In August 2024, Aman left Colchester United and joined Hendon F.C. of the Isthmian League Premier Division. The club first spotted the player at Colchester in a fourth round 2023–24 Essex Senior Cup victory over Walthamstow. In total, he made ten official appearances throughout the season, including six in the league and two in the 2024–25 FA Cup qualifying rounds.
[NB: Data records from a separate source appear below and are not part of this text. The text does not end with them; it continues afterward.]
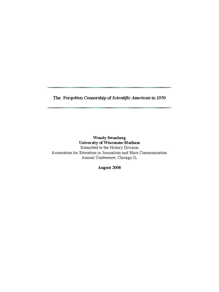 series on the worldwide implications of the controversial nuclear weapon -- commonlycalled the “H-bomb” -- which had yet to be perfected.The magazine’s publisher Gerard Piel objected, insisting the article in question containedonly information that previously had been made public elsewhere. While Piel ultimately concededto government demands, his was an early voice of dissent in the relative government-presscomplicity of the early Cold War. Before long the AEC’s censorship animated a simmeringdiscourse among scientists, journalists, and government officials about warfare in the atomic age,and about the parameters of press freedom in the uneasy peace after World War II. The debatesthat followed in 1950 resemble the more famous discussions that arose nearly thirty years later,with the 1979 censorship of
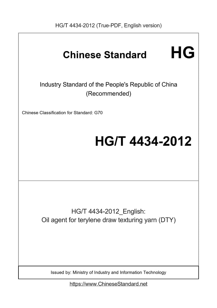 Delivery: <= 3 days. True-PDF full-copy in English will be manually translated and delivered via email. HG/T 4434-2012: Oil agent for terylene draw texturing yarn (DTY) Status: Valid
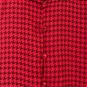 Ann Taylor red and burgundy houndstooth ruffle cap sleeve button up blouse. The buttons are covered. Ruffle pleated trim collar. Perfect for the office of holiday! Tags: professional, business wear, date night, holiday, Fall, contemporary, stylish, winter. Size S
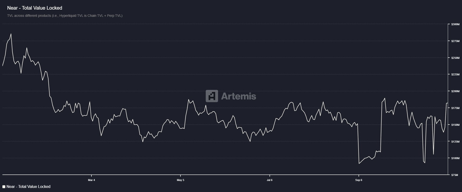 Arthemis Terminal 的数据显示,NEAR 的总锁定价值 (TVL) 于周三增至 1.821 亿美元,高于 10 月 29 日的 1.055 亿美元,并且此后一直稳步增长。TVL 的增长表明用户对 NEAR 协议生态系统的活跃度和兴趣日益增强,这意味着越来越多的用户正在基于 NEAR 的协议上存入或使用资产。

After making one appearance for Northwood F.C. in the Middlesex Senior Cup, Aman joined Sutton Common Rovers of the same league in November 2024. He played eight league matches for the club by the end of the season.

In February 2025, it was announced that Aman had signed for a club abroad for the first time, joining First League of the Republika Srpska club FK Velež Nevesinje in Bosnia and Herzegovina.

In September 2026 on transfer deadline day he signed for Cymru Premier club Trefelin.

==International career==
Born in London, Aman qualifies to represent Saint Lucia by descent. He received his first senior call-up in October 2024 for two 2024–25 CONCACAF Nations League B matches against Saint Martin. He made his debut on 11 October in the first of the two matches as a second-half substitute for Leaus Henville.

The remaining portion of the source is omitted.